— WORK TASK —
Exact copies of all the lines below are wanted, without a single picture.

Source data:
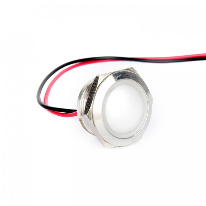 19mm Delik Çapına Uyumlu Düz Kafa Metal Beyaz LED Işıklı Sinyal Lambası
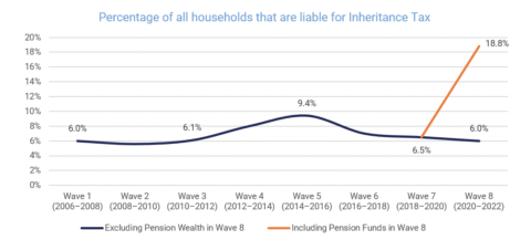 Excluding pension wealth, we can see a reduction in the percentage of households liable from Wave 5 to Wave 8, from 9.4% to 6.0%. The primary reason for this reduction is the inclusion of the final phases of the RNRB.
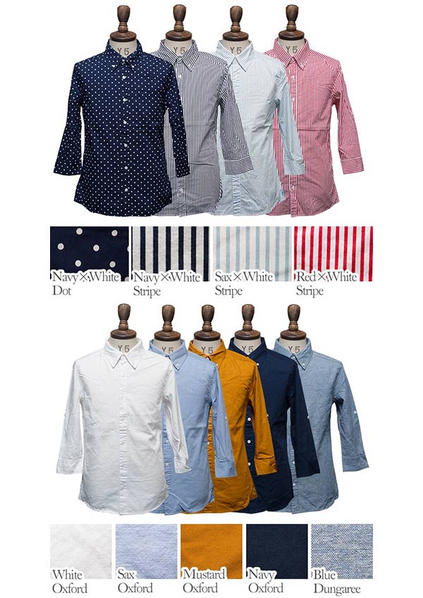 【17色展開!】ブロード/オックスフォード/ダンガリーシャーリングボタンダウンカラー7分袖シャツ / Audience
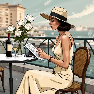 АБСТРАКТНАЯ ЖИВОПИСЬ . АБСТРАКТНАЯ ЖЕНЩИНА АРИСТОКРАТИЧНОЙ ВНЕШНОСТИ НАРИСОВАННАЯ В СТИЛЕ КАРТИН Jack Vettriano, СИДИТ В ПРОФИЛЬ В КАФЕ ЗА СТОЛОМ В КРЕМОВОМ ЛЕТНЕМ ПЛАТЬЕ И В ШЛЯПЕ В ФОРМЕ ВЕДРА МОДЫ 19050 ГОДА И ЧИТАЕТ ЖУРНАЛ, ЛЕЖАЩИЙ НА СТОЛЕ . НА СТОЛЕ БУТЫЛКА ВИНА, БОКАЛ И ВАЗА С БЕЛЫМИ ЦВЕТАМИ . ФОН КАРТИНЫ ОКНО ИЗ КАФЕ С СОВРЕМЕННЫМИ ДЕКОРАТИВНЫМИ ЖАЛЮЗЯМИ
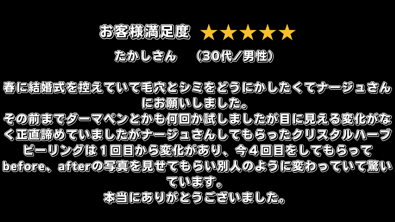 「美容専門ナージュクリニカルサロン」では、お肌のお悩みを解決して、愛される輝く肌へ導きます。幸せな気持ちに包まれながら、施術を受けることで、心も満たされる喜びを感じていただけること間違いありません。お客様の笑顔を引き出すお手伝いをさせていただきます。是非、当店でお肌のトラブルを解消し、幸せな美肌を手に入れてください。
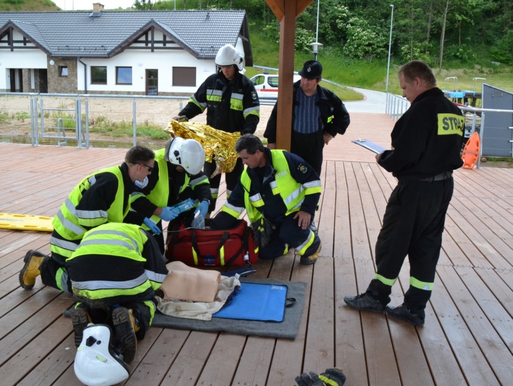 Niby drobnostka, a strażacy reagują z dużą dawką emocji. Dyskusja nie trwa zbyt długo. Uratowany potrzebuje pomocy. Strażacy rozpoczynają masaż serca i sztuczne oddychanie. Gromadzą się wokół leżącego na pomoście manekina. Każdy z elementów będzie potem szczegółowo omówiony.
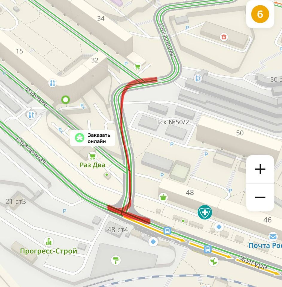 Временное перекрытие, хоть и частичное, затронуло важный участок дороги – спуск с улицы Котельникова к Жигура, создав значительные неудобства для горожан. Особенно пострадали жители дома на Марченко, №15 и клиенты придомовой платной автостоянки, расположенных непосредственно в зоне перекрытия. Автомобилистам приходилось искать альтернативные места для парковки: у супермаркета «Раз-Два», на обочинах или вообще «где придется».
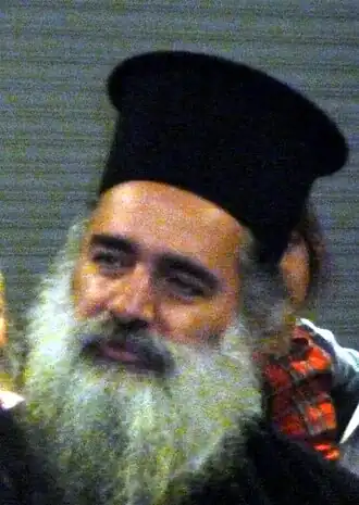 Quant au cas de la visite en Syrie considérée par Israël comme un pays ennemi, nous disons que nous ne sommes pas liés par la position israélienne. Le nombre de personnes appartenant à l'Église orthodoxe grecque en Syrie dépasse le million et le nombre au Liban dépasse le demi-million. Israël n'a pas le droit de nous empêcher de visiter la Syrie et le Liban sous prétexte que ce sont des pays ennemis, surtout que nous entretenons des liens spirituels et nationalistes avec ces pays. Lorsque nous visitons ces pays, nous rencontrons tous les responsables politiques et religieux sans aucune exception. Nous sommes ouverts à tous. Israël n'a pas le droit de prétendre que nous entretenons des relations avec des organisations terroristes parce que ce qu'Israël appelle des terroristes peut être pour nous des nationalistes, des combattants de la liberté. Nous refusons d'accepter les termes dictés par Israël ; par conséquent, ce qu'Israël condamne ou ce qu'il élève n'est peut-être pas nécessairement tel pour nous[14].
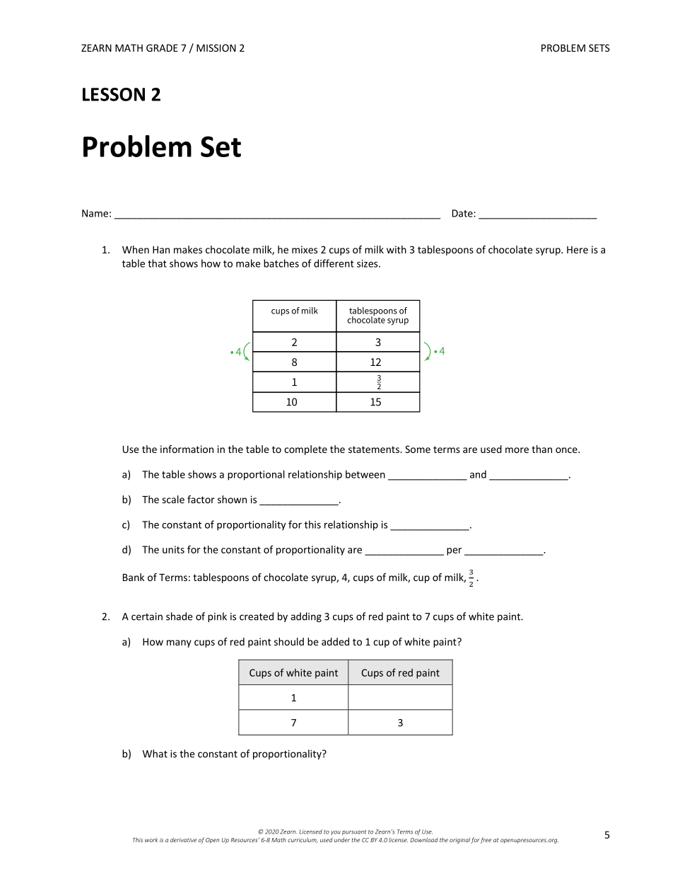 1a. The table shows a proportional relationship between ___________ and ___________.
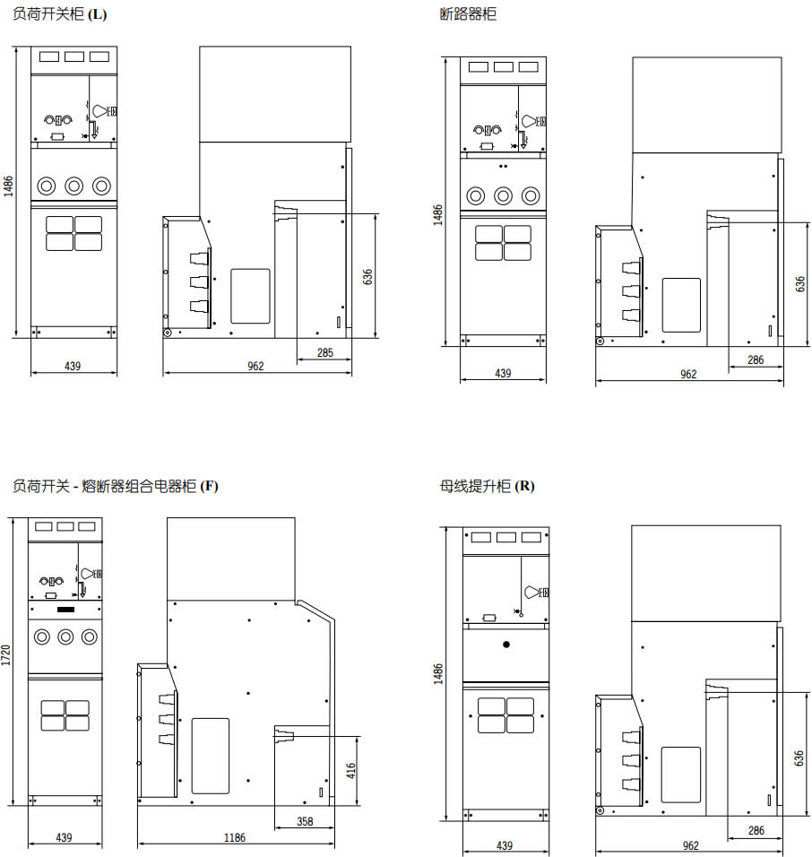 注:1、負(fù)荷開關(guān)-熔斷器組合電器單元的額定電流取決于熔斷器。
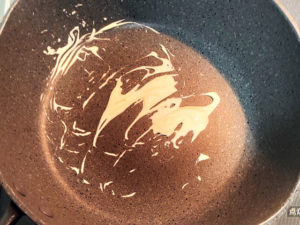![]() ①フライパンにマヨネーズ大1を入れ、弱火で炒めて軽く溶かして油の代わりにします。 |

— SOLUTION TO THE PROBLEM —
 19mm Delik Çapına Uyumlu Düz Kafa Metal Beyaz LED Işıklı Sinyal Lambası
 Excluding pension wealth, we can see a reduction in the percentage of households liable from Wave 5 to Wave 8, from 9.4% to 6.0%. The primary reason for this reduction is the inclusion of the final phases of the RNRB.
 【17色展開!】ブロード/オックスフォード/ダンガリーシャーリングボタンダウンカラー7分袖シャツ / Audience
 АБСТРАКТНАЯ ЖИВОПИСЬ . АБСТРАКТНАЯ ЖЕНЩИНА АРИСТОКРАТИЧНОЙ ВНЕШНОСТИ НАРИСОВАННАЯ В СТИЛЕ КАРТИН Jack Vettriano, СИДИТ В ПРОФИЛЬ В КАФЕ ЗА СТОЛОМ В КРЕМОВОМ ЛЕТНЕМ ПЛАТЬЕ И В ШЛЯПЕ В ФОРМЕ ВЕДРА МОДЫ 19050 ГОДА И ЧИТАЕТ ЖУРНАЛ, ЛЕЖАЩИЙ НА СТОЛЕ . НА СТОЛЕ БУТЫЛКА ВИНА, БОКАЛ И ВАЗА С БЕЛЫМИ ЦВЕТАМИ . ФОН КАРТИНЫ ОКНО ИЗ КАФЕ С СОВРЕМЕННЫМИ ДЕКОРАТИВНЫМИ ЖАЛЮЗЯМИ
 「美容専門ナージュクリニカルサロン」では、お肌のお悩みを解決して、愛される輝く肌へ導きます。幸せな気持ちに包まれながら、施術を受けることで、心も満たされる喜びを感じていただけること間違いありません。お客様の笑顔を引き出すお手伝いをさせていただきます。是非、当店でお肌のトラブルを解消し、幸せな美肌を手に入れてください。
 Niby drobnostka, a strażacy reagują z dużą dawką emocji. Dyskusja nie trwa zbyt długo. Uratowany potrzebuje pomocy. Strażacy rozpoczynają masaż serca i sztuczne oddychanie. Gromadzą się wokół leżącego na pomoście manekina. Każdy z elementów będzie potem szczegółowo omówiony.
 Временное перекрытие, хоть и частичное, затронуло важный участок дороги – спуск с улицы Котельникова к Жигура, создав значительные неудобства для горожан. Особенно пострадали жители дома на Марченко, №15 и клиенты придомовой платной автостоянки, расположенных непосредственно в зоне перекрытия. Автомобилистам приходилось искать альтернативные места для парковки: у супермаркета «Раз-Два», на обочинах или вообще «где придется».
 Quant au cas de la visite en Syrie considérée par Israël comme un pays ennemi, nous disons que nous ne sommes pas liés par la position israélienne. Le nombre de personnes appartenant à l'Église orthodoxe grecque en Syrie dépasse le million et le nombre au Liban dépasse le demi-million. Israël n'a pas le droit de nous empêcher de visiter la Syrie et le Liban sous prétexte que ce sont des pays ennemis, surtout que nous entretenons des liens spirituels et nationalistes avec ces pays. Lorsque nous visitons ces pays, nous rencontrons tous les responsables politiques et religieux sans aucune exception. Nous sommes ouverts à tous. Israël n'a pas le droit de prétendre que nous entretenons des relations avec des organisations terroristes parce que ce qu'Israël appelle des terroristes peut être pour nous des nationalistes, des combattants de la liberté. Nous refusons d'accepter les termes dictés par Israël ; par conséquent, ce qu'Israël condamne ou ce qu'il élève n'est peut-être pas nécessairement tel pour nous[14].
 1a. The table shows a proportional relationship between ___________ and ___________.
 注:1、負(fù)荷開關(guān)-熔斷器組合電器單元的額定電流取決于熔斷器。
![]() ①フライパンにマヨネーズ大1を入れ、弱火で炒めて軽く溶かして油の代わりにします。 |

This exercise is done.